A natural first approach to handling unstructured text is to generate features using TF-IDF scores (TF-IDF is a commonly used form for normalizing word or term frequency across a document / corpus, preserving the importance of rare words). After applying a TF-IDF threshold, someone in the modeling group pulled out a list of top performing words by GINI impurity (a measure of information gain on the target). We used presence or absence (as well as number of occurrences) of these words as predictive variables in the main logistic regression we used for predictions. While the TF-IDF model performed reasonably well on its own (~75% AUC [link] for a modeling situation with 50/50 positive and negative cases), it added next to nothing to the model when combined with the structured data, presumably because the “meanings” of these lookup terms were already contained within correlated structured fields. We had to weigh, as well, the little that these lookup terms offered us in the modeling against the possibility that some of these terms would be annoying to our ultimate business users (thus, while the words did provide statistically likely correlations with the target variable, these correlations would not be apparent / make intuitive sense to individuals who knew the dataset well). For these reasons, we’ve shied away from the TF-IDF approach.

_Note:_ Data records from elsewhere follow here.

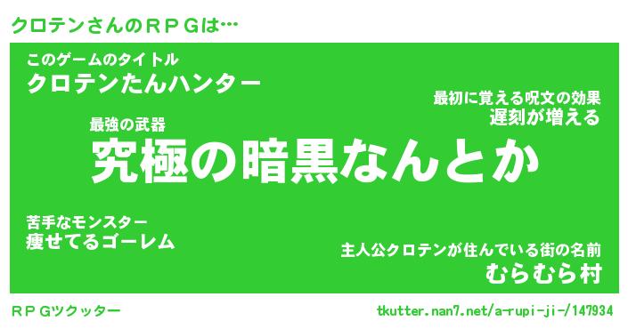 | ファンタジー風あだ名 | 『クロフェル』『エターナルクロテンー』 |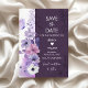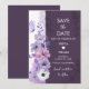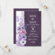 A romantic purple floral wedding save the date card featuring soft watercolor flowers in lavender, blush, and white, accented with delicate botanical line art and a graceful butterfly. The elegant vertical layout with a deep plum panel creates a refined and feminine look, making it perfect for announcing your wedding date in style. A beautiful choice for garden weddings, spring weddings, summer celebrations, and coordinated floral wedding stationery suites.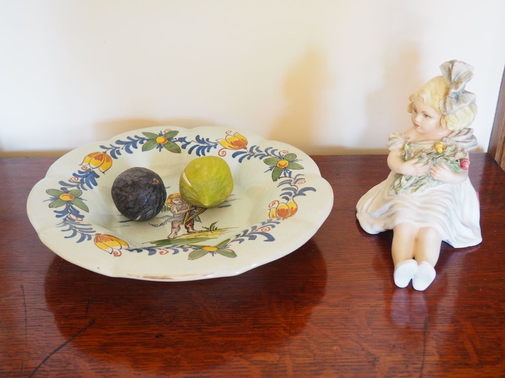 Deux fruits "figues" en trompe l'œil, un sujet "jeune fille en fleur" en biscuit polychrome, un plat en faïence polychrome.

The second major approach we tried out here used the well-known Word2vec model (and related neural net language models such as GloVe). While we used pre-trained GloVe vectors, we did build a Word2vec model locally on our unstructured text, after eliminating stop words (as many as we could find) and using various other pre-processing optimizations. The Word2vec vectors provided a very substantial boost in accuracy when added into the model (with most of the improvements in precision / recall among particular populations of interest). The pre-built vector approaches (GLOVE, etc.) did not work well for our dataset, perhaps because the text we were working on differed so substantially from the style / substance of the text on which the neural net model had been trained.
While we continue to investigate our options among neural net models more exotic than Word2Vec, we are beginning to think we have reached the limits of our capacity to parse the text based on these kinds of bulk intra-textual relationships (small dataset may be a limiting factor here). We’re now therefore trying out a (to me) exciting and perhaps old-fashioned approach to NLP, building dedicated parsers which can read through the unstructured text and pull out the (very complicated, very natural-language) information we need – using here a mix of English grammar knowledge and endless regular expressions. I’ve never thought so hard about how an English sentence is structured. If this works out (as it looks like it may), this will be an interesting use case where a kind of brute force / intuitive approach to NLP turns out to work much better than more sophisticated modern methods.